When the sheet resistance of the Al wiring is 50 mΩ, the coil has an inductance of 16 nH and a resistance of 10Ω. The oscillation frequency is 400 MHz when the capacitance for determining the oscillation frequency is 10 pF in parallel with the inductance.
The substantial load resistance r at this time is 160Ω, and the necessary mutual conductance gm of the transistor in the oscillation circuit 31 is 12.5 mS or more.
As a result, a source current of several mA can be obtained with a MOS transistor having a gate length of 0.35 μm and a gate width of 100 μm.

As described above, the spiral coil is formed inside the high frequency superposition IC, and all the circuit elements are built in the high frequency superposition IC, so that there is no need to arrange a highly accurate resistance element or inductance element outside the high frequency superposition IC. It is possible to improve the accuracy of the oscillation frequency, reduce the temperature change, and reduce unnecessary radiation.
Since the spiral coil having the inductance L1 has a diameter of several hundred μm, it is desirable to use a nonmagnetic metal that does not affect the inductance L1 for the metal plate 14 to which the high frequency superposition IC 20 is fixed.

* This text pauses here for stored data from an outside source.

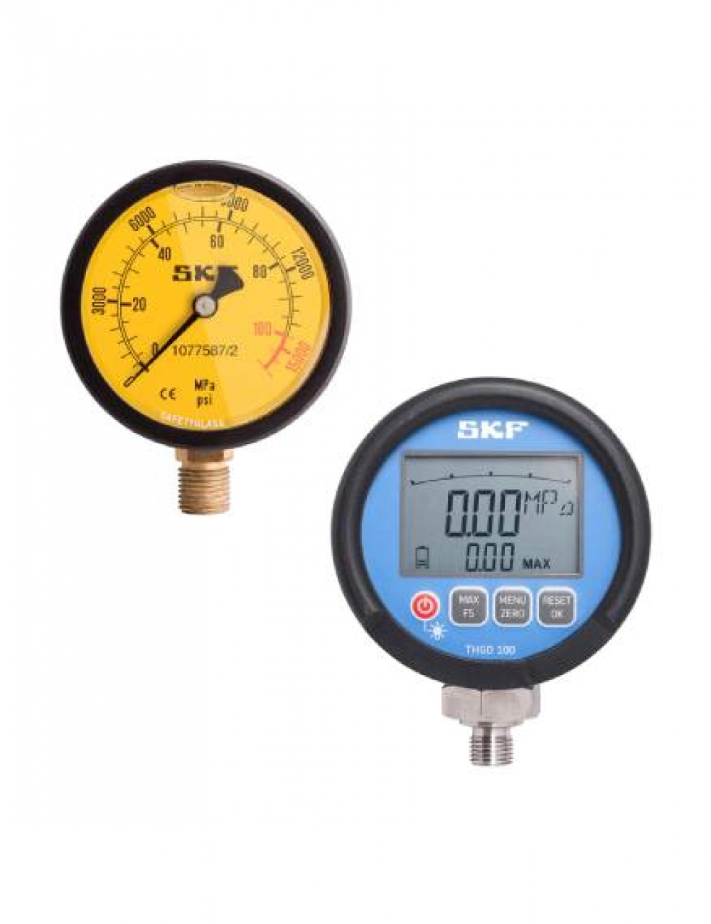หน้าปัดวัดความดัน ครอบคลุมแรงดัน 100 ถึง 400 MPa (14 500 ถึง 58 000 psi)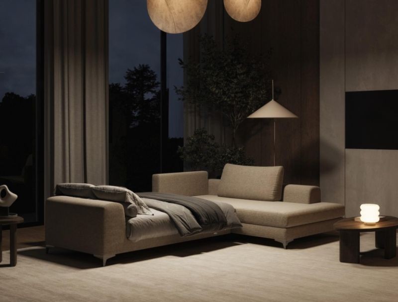 Kovová, vyvýšená podnož je ideální pro domácnosti s podlahovým topením – umožňuje volné proudění vzduchu pod sedačkou. Pohovku lze navíc snadno rozložit na dvoulůžko pro příležitostné spaní a nechybí ani praktický menší úložný prostor.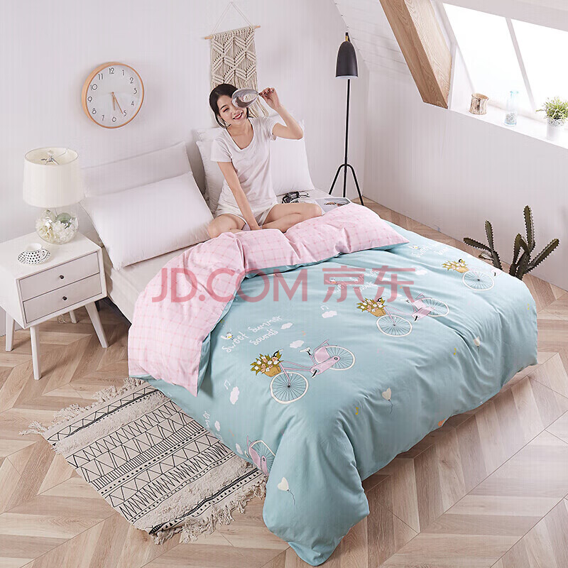 商品相册:艾薇 纯棉被套单件学生宿舍单人床柔软舒适全棉被罩 伊尚蓝 150*210cm第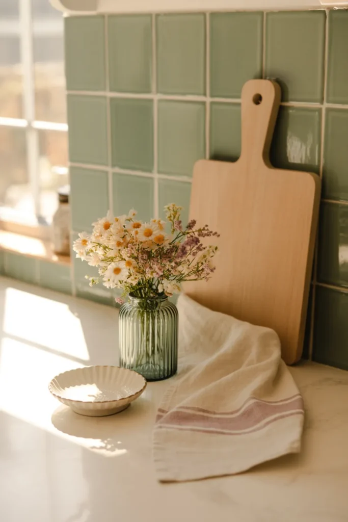A little cottage charm goes a long way on a kitchen counter. Set a ribbed glass vase with simple florals near the backsplash, then layer in a soft patterned towel and a small ceramic dish. Vintage-style pieces make the countertop decor feel collected and homey, not staged.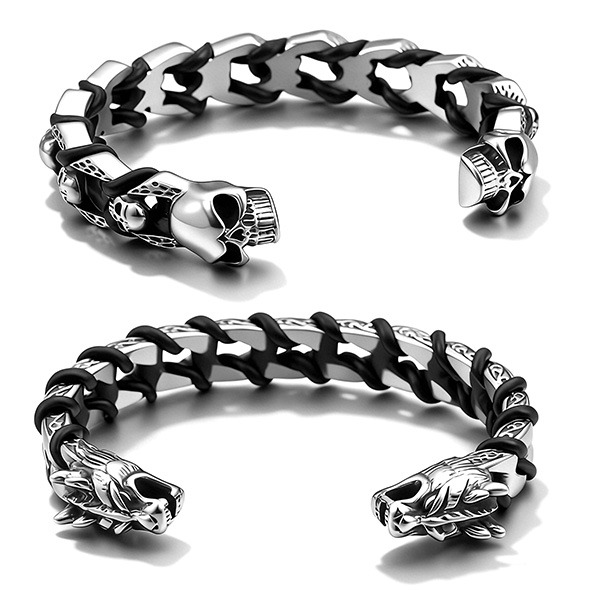 #冥骷戰龍雙款鈦鋼手鐲#暗黑骷髏硬核飾品#戰龍力量野獸配飾#重工肌理暗黑手鐲#機車騎行聚會佩戴首飾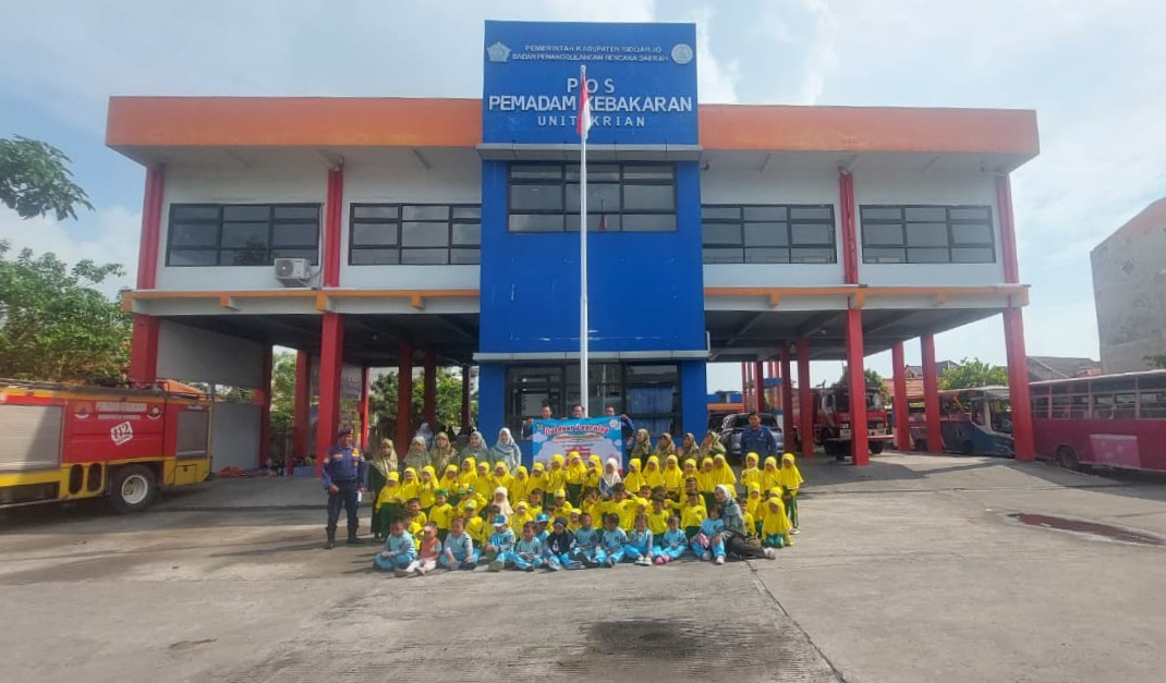 Tagar.co — Rasa penasaran mewarnai wajah anak-anak KB dan TK Islam Chairina, Desa Tempuran, , Kecamatan Tarik, Kabupaten Sidoarjo, pada Selasa, 28 Oktober 2025. Hari itu, mereka mengikuti kegiatan Outing Class bertema “Pengenalan Transportasi” dengan tujuan yang berbeda dari biasanya: Kantor Pemadam Kebakaran.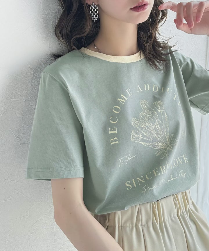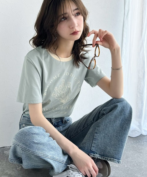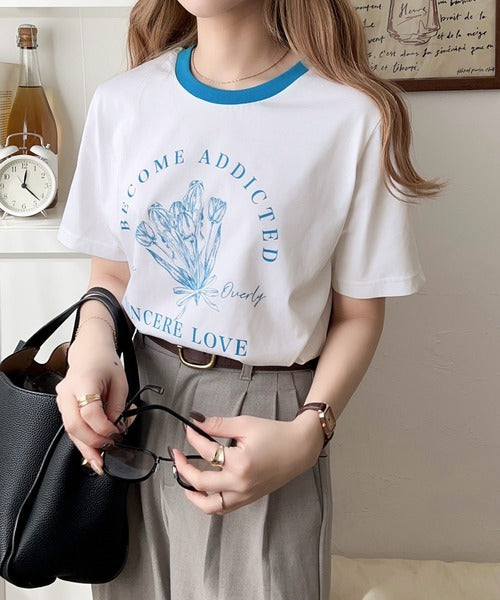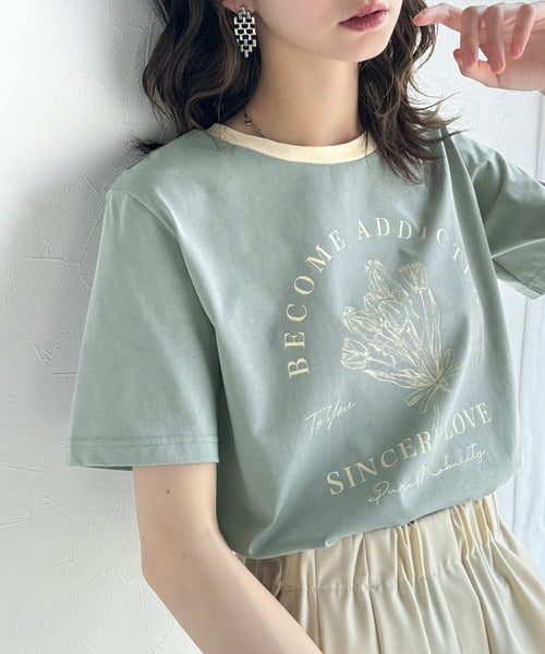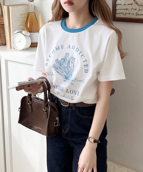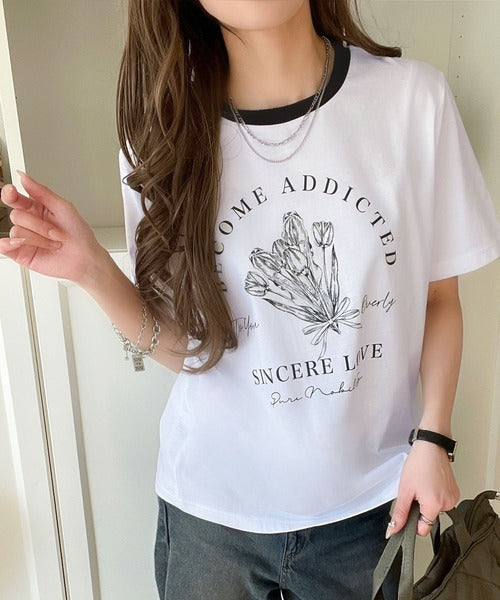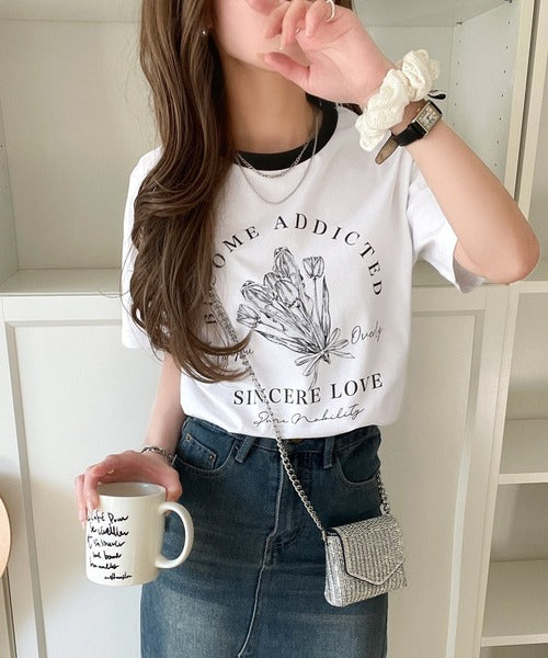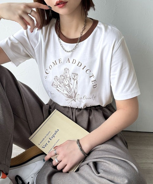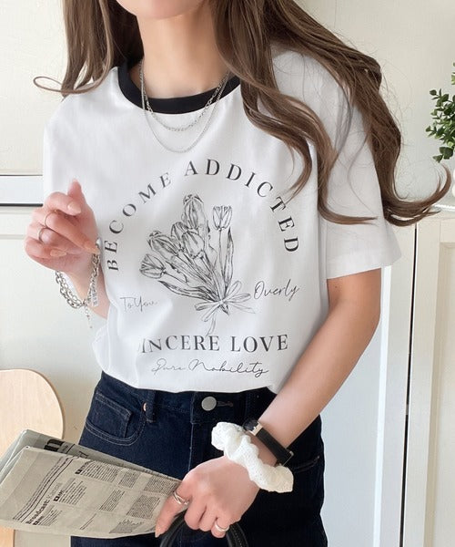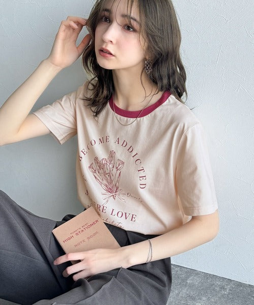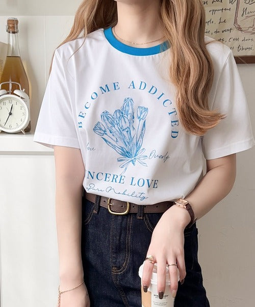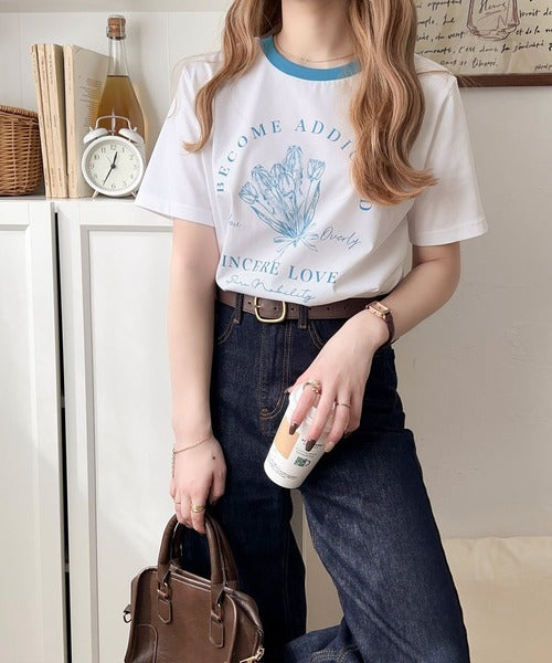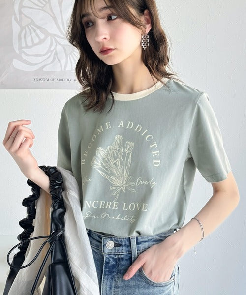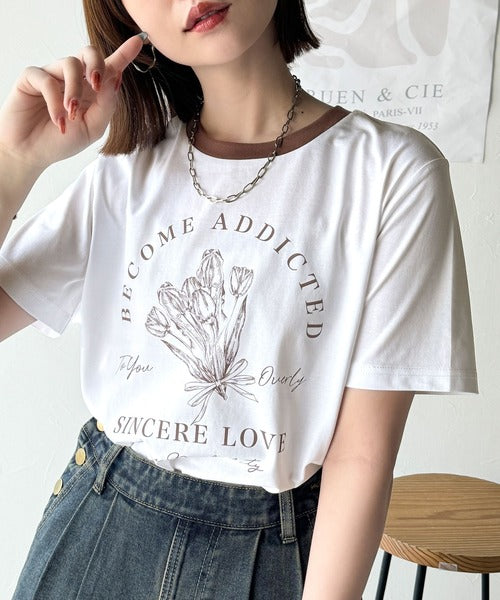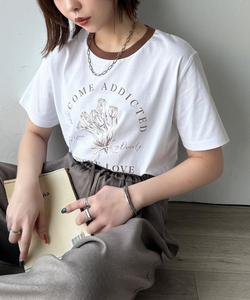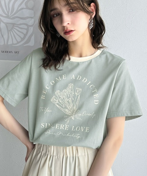 トレンドのディテールが魅力。シルケットフラワーカーブロゴリンガー半袖Tシャツ ce1020196

  The high cut filter circuit 32 is a circuit for suppressing harmonic components generated in the oscillation circuit 31. Since the semiconductor laser element 16 has a large parasitic capacitance that reduces the efficiency of the high-frequency superimposed current, harmonic components having a frequency higher than the oscillation frequency almost flow into the parasitic capacitance, and the efficiency does not contribute to the actual superposition. bad. In addition, since the harmonic component has a high frequency, it easily leaks from the output circuit that requires a large power supply current to the power supply line, and becomes a factor of increasing unnecessary radiation. For this reason, by providing the high-cut filter circuit 32 in the previous stage of the output circuit 33, the harmonic component generated in the oscillation circuit 31 can be removed by the high-cut filter circuit 32. Since the output circuit 33 amplifies only the component of the necessary fundamental frequency and supplies it to the semiconductor laser device 16, it is more efficient and can reduce unnecessary radiation.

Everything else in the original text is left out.